Hematology Chapter 6: Staining and Examination of Blood Films

Study Notes

Staining and Examination of Blood Films

Staining of blood films is a crucial step in hematology, allowing for the examination of cells and cell components.

History of Staining

Ehrlich introduced aniline dyes in the late 19th century, which were later modified by Romanowsky to create a stain that combines acidic and basic properties.
Romanowsky used a mixture of old methylene blue and eosin to stain the nucleus of a malarial parasite purple and the cytoplasm blue.

Romanowsky Stains

Commonly used Romanowsky dyes include Wright and Leishman stains.
Wright stain is a mixture of methylene azure and eosin.
Leishman stain is similar to Wright stain, but with a different preparation method.

Preparation of Romanowsky Stains

Wright stain is prepared by mixing methylene azure and eosin in a specific ratio.
Leishman stain is prepared by polychroming methylene blue with sodium carbonate, then mixing it with eosin B.

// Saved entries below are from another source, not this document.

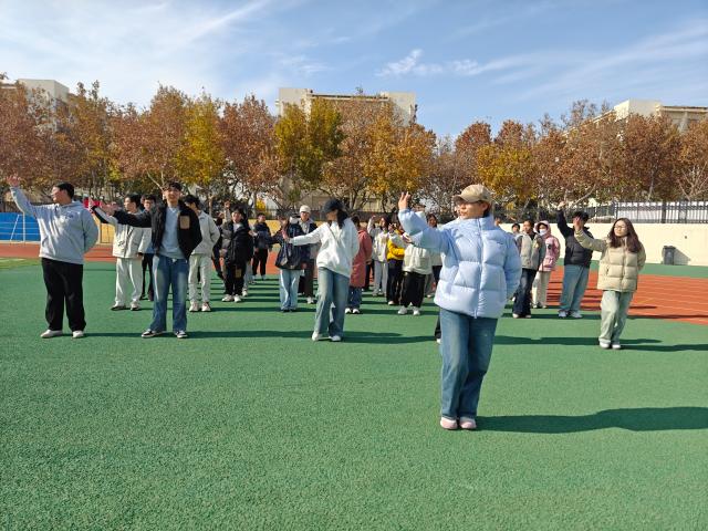 健美操设计融合舒缓拉伸与活力律动,针对颈肩腰等关键部位设置放松环节,同时加入提升协调性的组合动作,整套编排兼顾科学性与实用性,强度适宜、易于掌握。学生精神饱满、队列整齐,在明快的音乐节奏中连贯完成从基础伸展到复杂转换的系列动作,肢体舒展自然流畅,姿态控制稳定到位。抬手弯腰间展现着青春的柔韧与力量,踢腿跳跃中洋溢着蓬勃的朝气与活力,整齐划一的动作编排体现出团队协作的高度默契,更传递出积极进取的精神面貌。整个活动过程秩序井然,学生在轻松愉悦的氛围中专注投入,通过系统性的身体训练有效缓解日常学习带来的疲劳感,展现出法科学子良好的身体素养与纪律观念,集体运动的协同效应得到充分体现。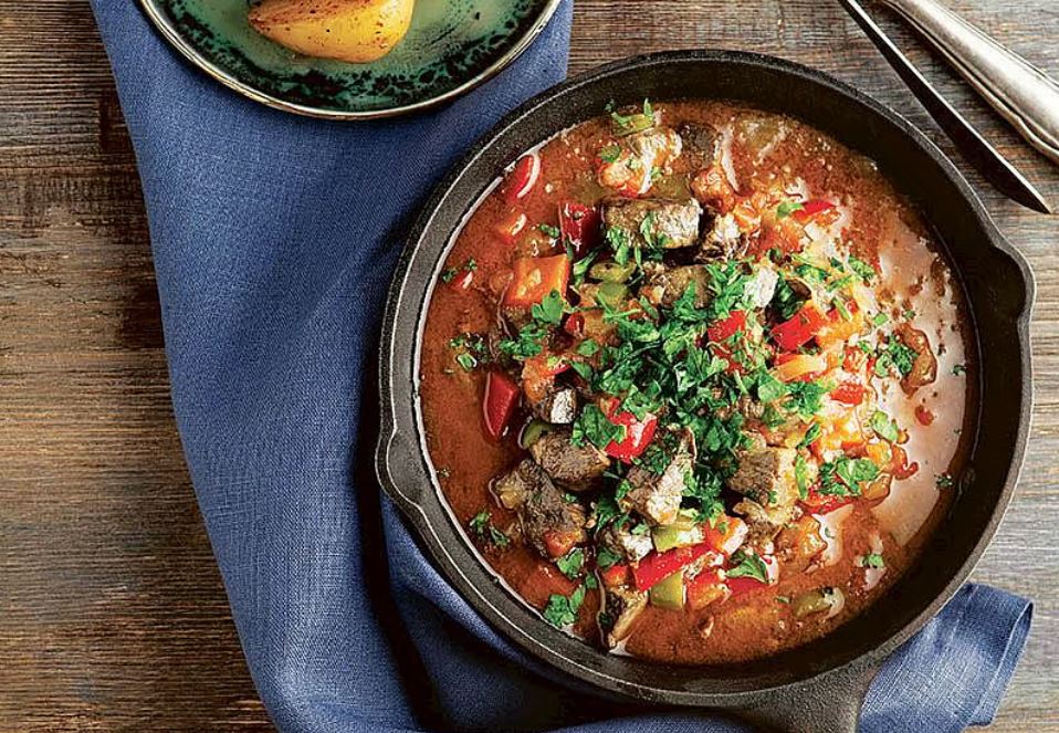 Yemeklik doğranmış domatesleri, ince kıyılmış biberleri ve haşlanmış dana ciğerini ekleyin. Tuz ve karabiberle tatlandırarak kısık ateşte yaklaşık 15 dakika pişirin.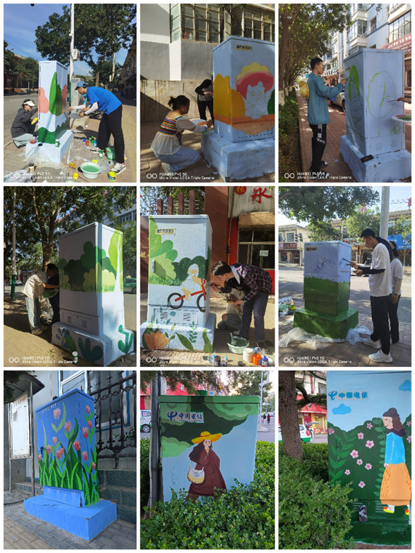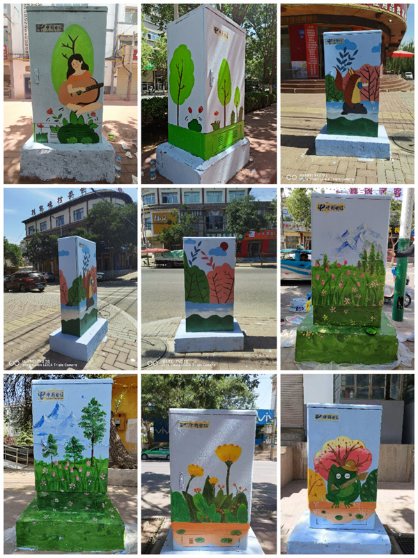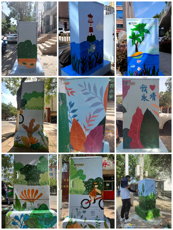 此次活动以表现永靖县刘家峡自然景观、人文景观为主题,把郁金香、薰衣草、鞭马草花海的壮观景象,以及自然人文风光“十里柳林”、藏汉合璧的罗家洞寺、炳灵寺石窟、刘家峡水电站、太极湖等本地的人文景观名片,用绚丽的的色彩和构图,以墙绘的艺术形式为载体,将这些地标景观生动地呈现在街道两旁电箱上。这不仅推动当地乡村建设,美化村容村貌同时为同学们和当地的人民群众都上了一堂“大思政课”。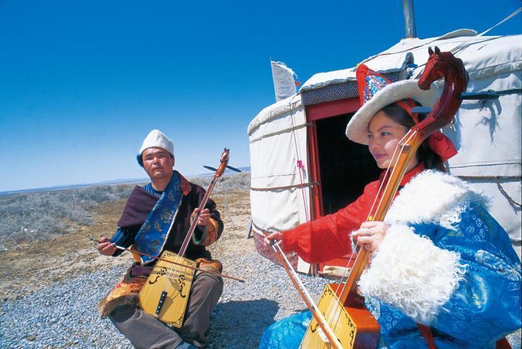 历史上蒙古族曾经统治青海很久。从蒙古高原下来的蒙古游牧民族给青海这块土地打下了深深的烙印。这从许多山名、湖名、地名中就可以看出,蒙古族也是青海境内的主要少数民族之一。这张照片拍摄于柴达木盆地北缘德令哈市附近的克鲁克湖边。住蒙古包,拉马头琴,蒙古文化显现出了与汉、藏文化鲜明不同的一面。摄影/孙建军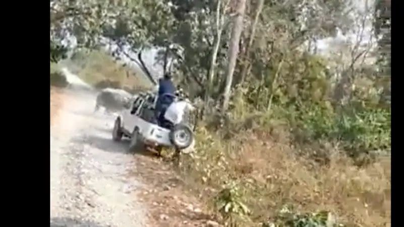 فيديو لوحيد قرن يدفع سيارة أمامه حتى قلبها بركابها

Appearance of Cells and Cell Components in Romanowsky-Stained Blood Films

Red cells appear pink with a central pale area.
Nuclei of leucocytes appear blue to purple.
Eosinophilic granules appear red-orange and distinctly visible.
Basophilic granules appear dark blue.
Platelets appear as violet granules.
Cytoplasm of monocytes appears gray-blue with fine reddish granules.
Cytoplasm of neutrophils appears light pink with lilac (pale purple) granules.
Cytoplasm of lymphocytes appears in varying shades of blue.
Malaria parasites appear with sky blue cytoplasm and red-purple chromatin.

Giemsa Stain

Giemsa stain is an alcohol-based Romanowsky stain that requires dilution in pH 7.1-7.2 buffered water.
It employs various azure compounds with eosin and methylene blue.
It is excellent in staining malaria parasites in thick films.

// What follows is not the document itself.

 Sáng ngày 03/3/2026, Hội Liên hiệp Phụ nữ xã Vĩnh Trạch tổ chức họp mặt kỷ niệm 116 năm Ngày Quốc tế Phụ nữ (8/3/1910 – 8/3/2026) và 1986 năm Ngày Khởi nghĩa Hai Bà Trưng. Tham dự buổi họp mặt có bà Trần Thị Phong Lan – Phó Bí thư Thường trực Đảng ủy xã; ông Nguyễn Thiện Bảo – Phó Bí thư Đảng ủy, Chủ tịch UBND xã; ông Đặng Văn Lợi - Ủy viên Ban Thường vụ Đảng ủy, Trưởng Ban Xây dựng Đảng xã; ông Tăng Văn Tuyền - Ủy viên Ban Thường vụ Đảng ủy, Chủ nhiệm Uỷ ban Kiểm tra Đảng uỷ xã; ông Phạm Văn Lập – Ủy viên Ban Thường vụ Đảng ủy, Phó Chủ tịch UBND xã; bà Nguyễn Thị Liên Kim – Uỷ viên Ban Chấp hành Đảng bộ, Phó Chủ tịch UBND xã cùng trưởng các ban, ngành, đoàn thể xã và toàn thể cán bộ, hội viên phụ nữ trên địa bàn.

Microscopic Examination of Blood Films

Examine the film at low power (10x) to inspect for even distribution of cells, staining quality, and platelet clumping.
Survey the film at 10x magnification to get a general impression of its quality.
Identify areas where red cells are evenly distributed, just touching but not overlapping, and study their gross morphology at 40x.
Scan the film to get an impression of the quantitative distribution of white blood cells.
Identify any unusual or abnormal cells, and estimate the relative proportion of platelets.
Use the 100x objective for studying the fine details of cell morphology.

Staining Problems and Remedies

A stain that is too pale may indicate that the stain is too acidic due to a buffer problem.
To correct this, stain a second slide from the patient, increase the pH, and then assess for color of granules and red cell color.

Description

This chapter covers the principles and techniques of staining thin blood films in hematology, including the use of Romanowsky dyes. It also describes the appearance of cells and cell components in stained blood films.